Materials provided ::
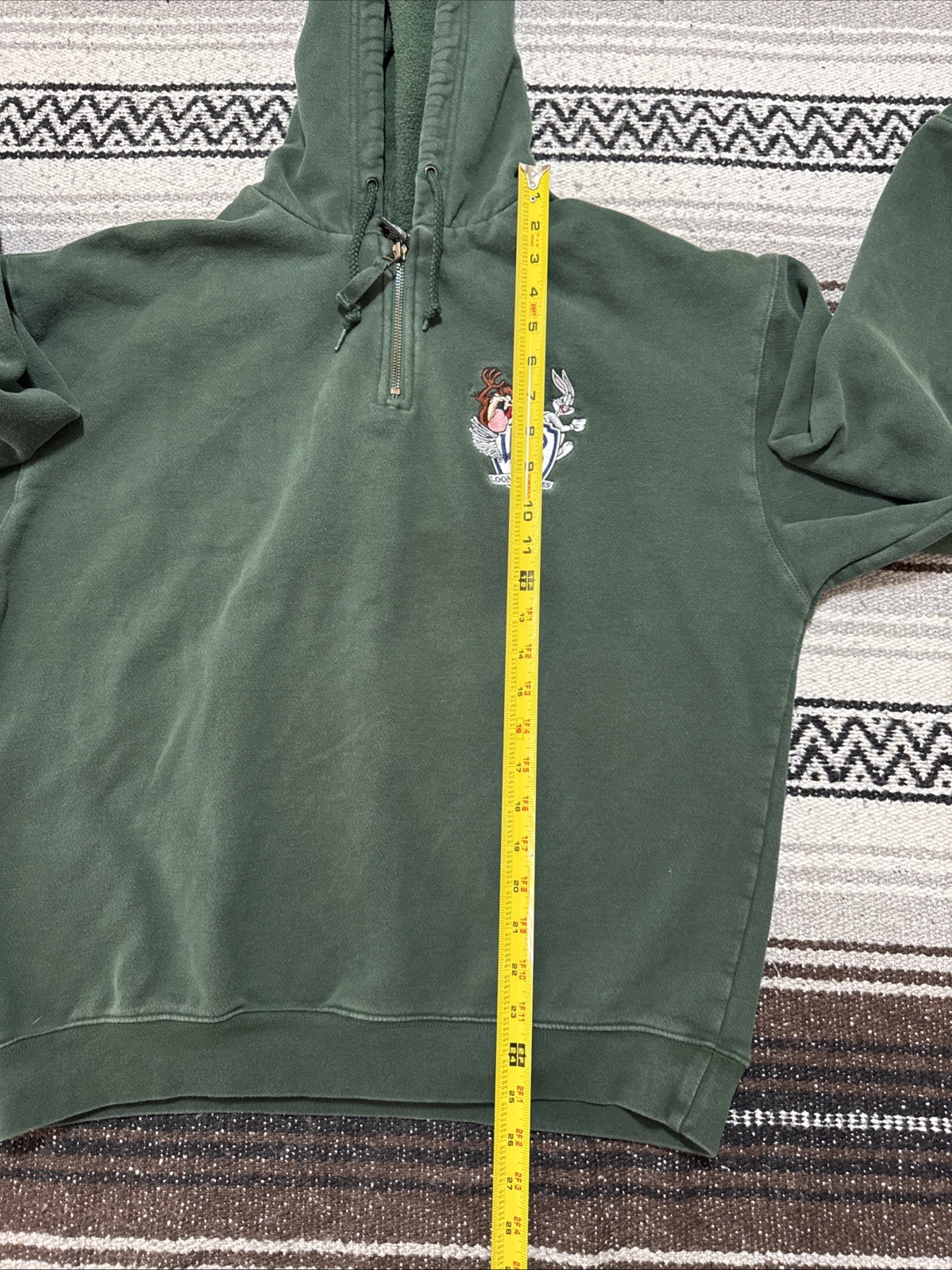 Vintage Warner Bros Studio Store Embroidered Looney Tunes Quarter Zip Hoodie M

---

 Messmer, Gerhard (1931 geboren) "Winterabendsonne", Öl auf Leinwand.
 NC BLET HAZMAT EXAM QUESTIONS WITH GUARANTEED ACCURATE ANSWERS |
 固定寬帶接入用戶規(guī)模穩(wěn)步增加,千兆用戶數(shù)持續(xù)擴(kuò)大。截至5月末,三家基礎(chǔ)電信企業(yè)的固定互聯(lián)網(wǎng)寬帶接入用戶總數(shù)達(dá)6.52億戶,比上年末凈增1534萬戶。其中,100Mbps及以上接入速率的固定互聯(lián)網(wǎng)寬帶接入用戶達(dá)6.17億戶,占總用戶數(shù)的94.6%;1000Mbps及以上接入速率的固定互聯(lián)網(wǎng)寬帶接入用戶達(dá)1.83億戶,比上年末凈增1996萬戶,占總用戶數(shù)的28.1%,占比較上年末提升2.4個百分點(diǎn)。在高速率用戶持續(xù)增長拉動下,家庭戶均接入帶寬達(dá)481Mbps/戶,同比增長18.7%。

* * *

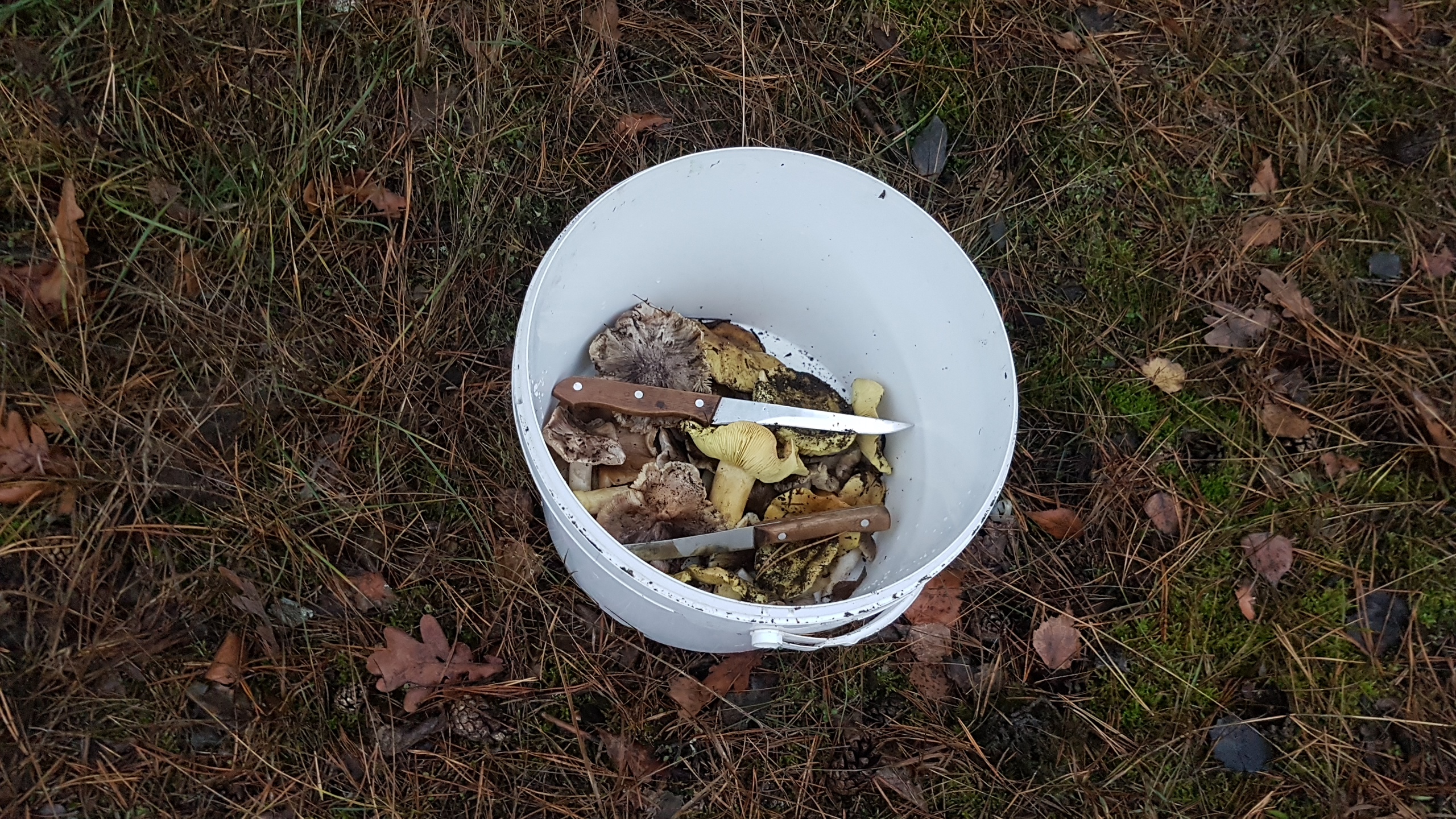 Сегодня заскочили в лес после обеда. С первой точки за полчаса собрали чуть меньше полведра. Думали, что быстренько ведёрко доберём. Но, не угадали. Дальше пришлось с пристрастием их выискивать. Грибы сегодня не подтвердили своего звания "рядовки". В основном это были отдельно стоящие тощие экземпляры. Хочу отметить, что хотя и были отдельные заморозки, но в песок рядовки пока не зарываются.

Task description :: Print, from the entries above, the line with "NC BLET HAZMAT", the line with "固定寬帶接入用戶規(guī)" and all lines between them, exactly and with nothing else.

Solution to this problem ::
 NC BLET HAZMAT EXAM QUESTIONS WITH GUARANTEED ACCURATE ANSWERS |
 固定寬帶接入用戶規(guī)模穩(wěn)步增加,千兆用戶數(shù)持續(xù)擴(kuò)大。截至5月末,三家基礎(chǔ)電信企業(yè)的固定互聯(lián)網(wǎng)寬帶接入用戶總數(shù)達(dá)6.52億戶,比上年末凈增1534萬戶。其中,100Mbps及以上接入速率的固定互聯(lián)網(wǎng)寬帶接入用戶達(dá)6.17億戶,占總用戶數(shù)的94.6%;1000Mbps及以上接入速率的固定互聯(lián)網(wǎng)寬帶接入用戶達(dá)1.83億戶,比上年末凈增1996萬戶,占總用戶數(shù)的28.1%,占比較上年末提升2.4個百分點(diǎn)。在高速率用戶持續(xù)增長拉動下,家庭戶均接入帶寬達(dá)481Mbps/戶,同比增長18.7%。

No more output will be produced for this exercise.